▶ Assignment:
Every entry below should be reproduced exactly, with all pictures left out.

★ ★ ★ ★

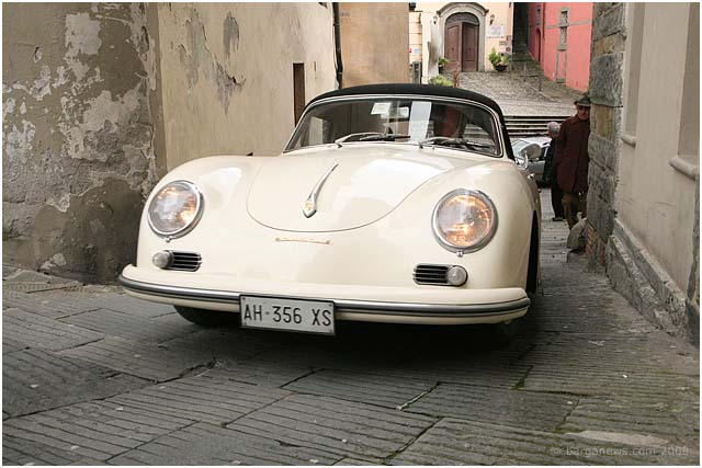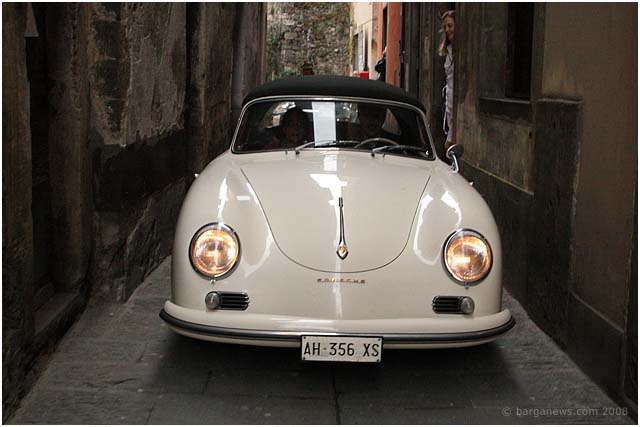 A meeting by the Porsche Club – Registro Italiano Porsche 356 brought 32 Porsche into Barga … a dozen brave and able drivers even managed to get their precious 1950’s and 1960’s Porsche’s in the main gate and through the narrow streets to Piazza Angelio in Barga Vecchia. Click on the link at the bottom of this article to hear Gabriele Giovannetti Assessore Rapporti con il Cittadino – Partecipazione e coordinamento attività sportive e del tempo libero explain (in Italiano) some of the background details to this event
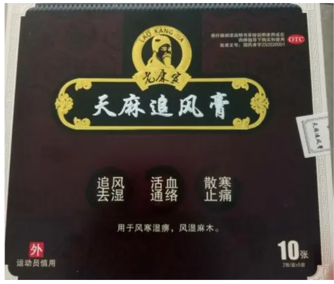 经查,贵阳济仁堂药业有限公司“天麻追风膏(国药准字Z52020001)”是经国家药品监督管理局注册的药品,其功能主治:追风祛湿,活血通络,散寒止痛。用于风寒湿痹所致的腰腿酸痛、麻木。用法用量:生姜搽净患处或穴位,将本品加温软化,贴于患处或穴位。“老康家”是该产品在包装上使用的商标。建议消费者治病不要轻信广告。
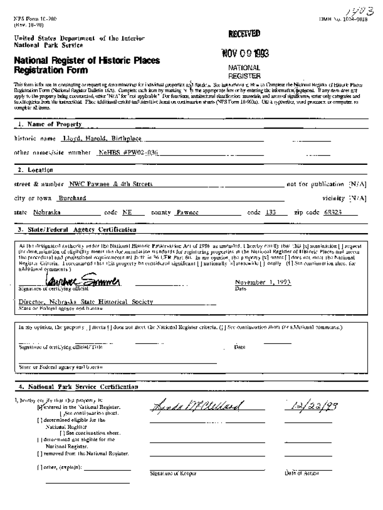 NFS Form 10900 (Rev. 1090)OMB No. 10240018RECEIVEDUnited States Department of the Interior National Park ServiceNational Register of Historic Places Registration Form 91993 NATIONAL Registers form
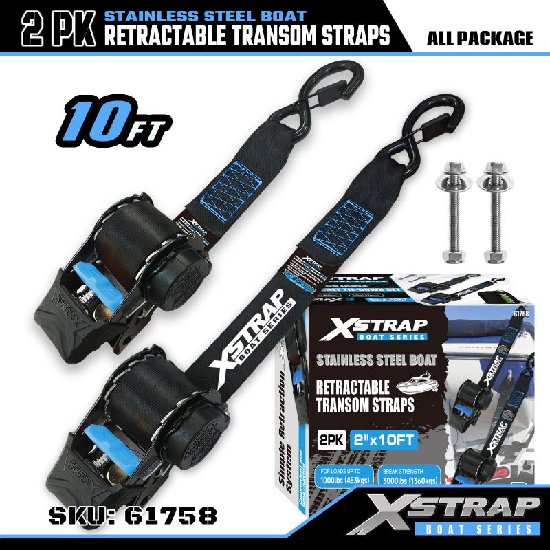 SMK is China Xstrap 61758 2” x 3.6’ 2PK Boat Retractable Transom Strap with Safety S Hooks 1000lb SWL Factory and Custom Xstrap 61758 2” x 3.6’ 2PK Boat Retractable Transom Strap with Safety S Hooks 1000lb SWL Suppliers. The product range includes tie-down straps, bungee cords, tow straps, lifting slings, hoists, and 4x4 accessories, widely used in transportation, logistics, outdoor, and industrial sectors. Its in-house brand XSTRAP enjoys strong recognition in global markets, alongside flexible OEM/ODM services for customized needs.
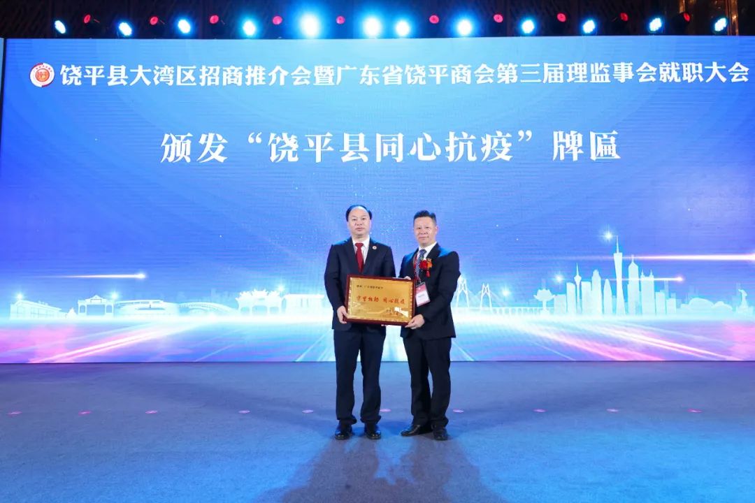 ▲饒平縣委副書記、縣長楊鎮榮為商會頒發「饒平縣同心抗疫」牌匾
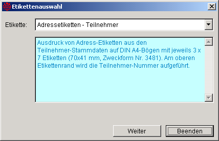 Zum Ausdruck von Adressetiketten der Teilnehmer steht eine Parametermaske zur Verfügung,

★ ★ ★ ★

▶ Problem solution:
 A meeting by the Porsche Club – Registro Italiano Porsche 356 brought 32 Porsche into Barga … a dozen brave and able drivers even managed to get their precious 1950’s and 1960’s Porsche’s in the main gate and through the narrow streets to Piazza Angelio in Barga Vecchia. Click on the link at the bottom of this article to hear Gabriele Giovannetti Assessore Rapporti con il Cittadino – Partecipazione e coordinamento attività sportive e del tempo libero explain (in Italiano) some of the background details to this event
 经查,贵阳济仁堂药业有限公司“天麻追风膏(国药准字Z52020001)”是经国家药品监督管理局注册的药品,其功能主治:追风祛湿,活血通络,散寒止痛。用于风寒湿痹所致的腰腿酸痛、麻木。用法用量:生姜搽净患处或穴位,将本品加温软化,贴于患处或穴位。“老康家”是该产品在包装上使用的商标。建议消费者治病不要轻信广告。
 NFS Form 10900 (Rev. 1090)OMB No. 10240018RECEIVEDUnited States Department of the Interior National Park ServiceNational Register of Historic Places Registration Form 91993 NATIONAL Registers form
 SMK is China Xstrap 61758 2” x 3.6’ 2PK Boat Retractable Transom Strap with Safety S Hooks 1000lb SWL Factory and Custom Xstrap 61758 2” x 3.6’ 2PK Boat Retractable Transom Strap with Safety S Hooks 1000lb SWL Suppliers. The product range includes tie-down straps, bungee cords, tow straps, lifting slings, hoists, and 4x4 accessories, widely used in transportation, logistics, outdoor, and industrial sectors. Its in-house brand XSTRAP enjoys strong recognition in global markets, alongside flexible OEM/ODM services for customized needs.
 ▲饒平縣委副書記、縣長楊鎮榮為商會頒發「饒平縣同心抗疫」牌匾
 Zum Ausdruck von Adressetiketten der Teilnehmer steht eine Parametermaske zur Verfügung,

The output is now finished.